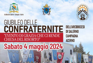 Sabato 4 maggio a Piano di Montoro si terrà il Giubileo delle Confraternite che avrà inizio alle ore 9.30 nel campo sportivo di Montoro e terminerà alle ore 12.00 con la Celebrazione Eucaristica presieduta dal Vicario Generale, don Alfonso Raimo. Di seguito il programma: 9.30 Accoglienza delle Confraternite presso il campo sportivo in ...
--
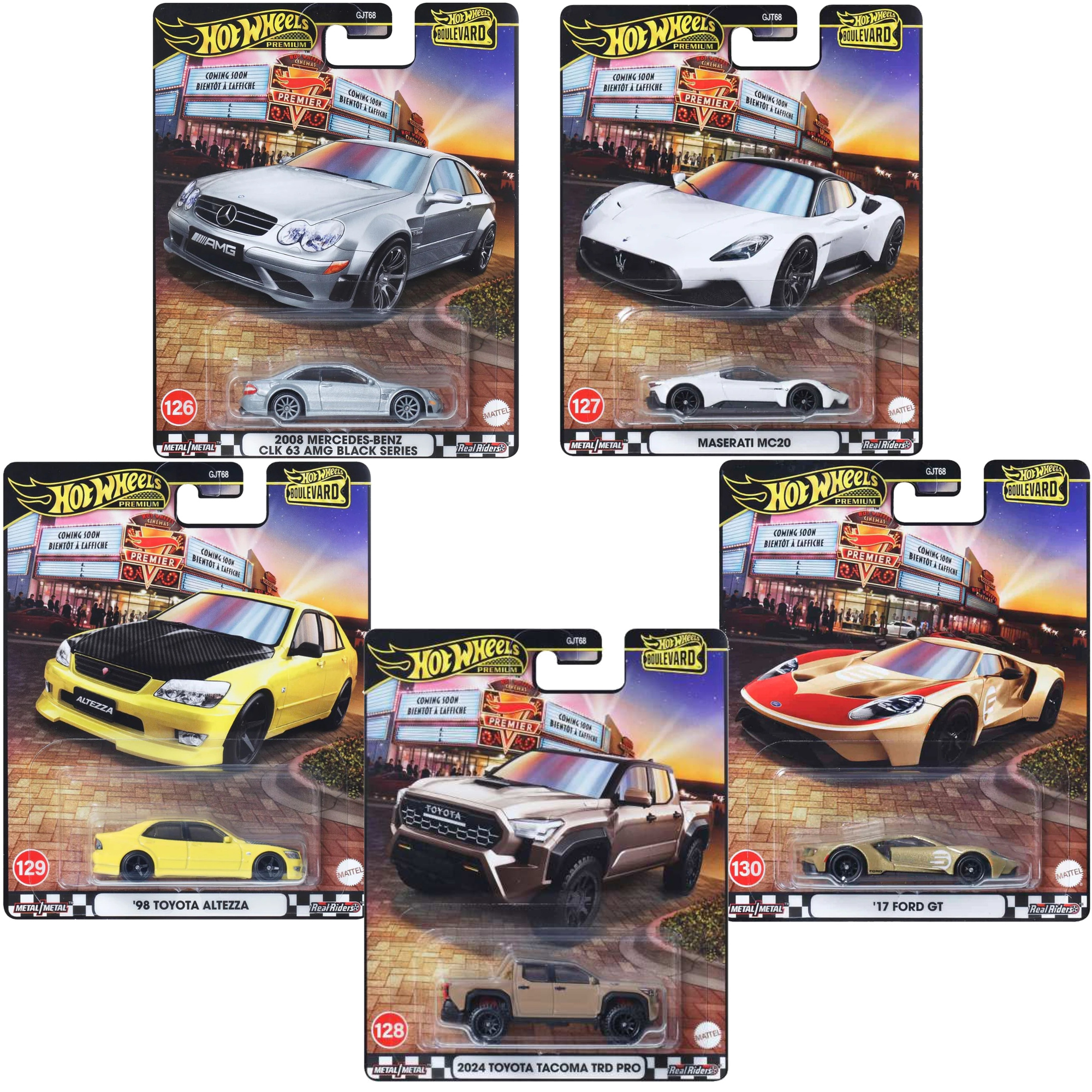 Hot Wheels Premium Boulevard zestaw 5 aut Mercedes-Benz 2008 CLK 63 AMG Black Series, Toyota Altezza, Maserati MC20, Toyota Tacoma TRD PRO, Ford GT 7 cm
---
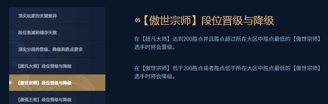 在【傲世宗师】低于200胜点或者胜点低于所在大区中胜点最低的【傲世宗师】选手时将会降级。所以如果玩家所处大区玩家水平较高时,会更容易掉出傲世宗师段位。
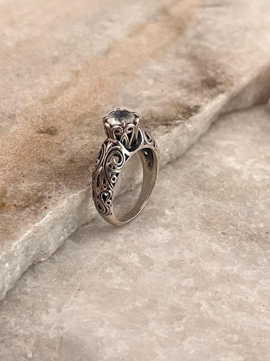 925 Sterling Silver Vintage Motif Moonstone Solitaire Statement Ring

> GOAL OF THE EXERCISE
Text only, no pictures: please print exactly the lines above from the line with "在【傲世宗师】低于200胜点" up to and including the line with "925 Sterling Silver", and nothing else.

> RESULT OF THE TASK
 在【傲世宗师】低于200胜点或者胜点低于所在大区中胜点最低的【傲世宗师】选手时将会降级。所以如果玩家所处大区玩家水平较高时,会更容易掉出傲世宗师段位。
 925 Sterling Silver Vintage Motif Moonstone Solitaire Statement Ring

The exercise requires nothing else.